AI chip

Driven by adoption of artificial intelligence (AI) across multiple industries, the global AI chip market generated nearly $29 billion in 2022, according to a report from Next Move Strategy Consulting.

The market is expected to generate nearly $305 billion by the end of the decade, boasting a compound annual growth rate (CAGR) of 29% from 2023 to 2030, the report projected.

These types of chips are a type of semiconductor designed specifically for AI applications and are more efficient and faster than traditional chips.

The broader chip market includes a wide variety of semiconductors, including CPUs, GPUs, memory chips and networking chips. This makes them ideal for a variety of applications, such as self-driving cars, facial recognition and natural language processing (NLP).

AI chips are typically in the form of a system-on-a-chip (SoC), which integrates all or most components of a computer or other electronic system on a single chip.

“This makes them smaller, more powerful and more energy-efficient than traditional chips,” explains Next Move analyst Shyam Gupta. “AI chips are a relatively new segment of the chip market, but they are growing rapidly due to the increasing demand for AI-powered applications.”

Gupta adds the AI chip industry is growing rapidly due to the increasing demand for autonomous and semi-autonomous driving.

“AI chips are used in these vehicles to interpret the surroundings, make intelligent choices and navigate the roads independently,” he says.
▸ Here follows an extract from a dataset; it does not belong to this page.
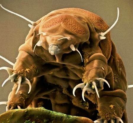Тихоходка микроскопическое животное обитает в водной среде. Имея размеры всего в полтора миллиметра тихоходка очень живуча. Кроме того, она достаточно распространена, ведь её можно встретить в любых климатических поясах. Её называют водным медведем, хотя медведь такой жизнеустойчивостью не отличается. Она отлично переносит низкие температуры и выдерживает до — 273 и + 151 градуса по Цельсию. Радиация ей тоже нипочем: она выдерживает максимальные показатели для других организмов, увеличенные в 1000 раз. В 2007 году учеными был осуществлен эксперимент. В полном вакууме тихоходка была помещена на низкую орбиту, когда они вернулись на Землю, удивительно, но факт — все были живы.

The capacity of AI to handle extensive data and process it, learn from past encounters and adjust to diverse scenarios is pivotal in attaining safe and efficient autonomous driving. For example, FABU’s Phoenix-100 perception chip is specifically engineered for autonomous driving solutions, offering the real-time and highly accurate perception of the surrounding environment.

Moreover, the industry for AI chips is further thriving due to the rapid automation in warehouses, where robots and other machines are extensively used to automate tasks and improve accuracy.

“AI chips are used to control these robots and machines, as well as process data received from different sensors,” Gupta notes. “These data are used to make decisions about how to automate tasks in warehouses.”

John Leddy, managing director, technology division, JLL, notes as the AI market continues to expand and grow its capabilities, demand for semiconductors will match the AI industry growth.

“This will require semiconductor designers and manufacturers to develop new, more efficient chips to process the increase in demands on computing, storage and memory,” he says. “This will require expansion and continued investment in manufacturing capabilities.”

He adds that despite the recent decline in semiconductor demand due to slumping PC production post pandemic, JLL expects to see the semiconductor industry grow at a 6-8% annual rate, driven by automotive, data storage and wireless industries.

“Demand for semiconductors specifically for AI applications may increase and accelerate this annual growth with AI market forecasts calling for a ten to twentyfold growth by 2030,” Leddy says.

Gupta points to IBM, AMD, Nvidia, Intel and Qualcomm as the leading companies in the AI chip industry, which is expected to see a significant evolution in the coming years due to the introduction of 2-nanometer (nm) chipsets in smartphones.

With the integration of 2nm chipsets into smartphones, manufacturers can significantly enhance energy efficiency by reducing power consumption, increasing performance per watt, optimizing AI acceleration, incorporating advanced power management features and improving thermal efficiency.

“These advancements contribute to prolonged battery life and better overall energy utilization, providing users with longer lasting and more efficient smartphones,” Gupta says.

Despite the enormous growth potential, he cautions growing intellectual property (IP) and patent disputes are obstructing the development and distribution of AI chips and constraining market growth.

“Patent disputes can be costly and time-consuming to resolve, and they can also obstruct the development and distribution of AI chips,” Gupta explains. “It can discourage companies from investing in R&D.”

For example, in 2020, Nvidia sued rival chipmaker Intel for patent infringement. The lawsuit alleged that Intel’s AI chips infringed on Nvidia’s patents for GPU technology. The lawsuit was settled in 2022, with Intel agreeing to pay Nvidia a licensing fee.

In addition, Gupta notes rising geopolitical tensions that give rise to export regulations imposed by governments on the AI chip industry are likely to restrict the growth of the market.

“For example, the US Department of Commerce placed new restrictions on the export of AI chips used in high-performance computing applications, especially to China,” he says. “This regulation will impact the cost of AI chips in the coming years.”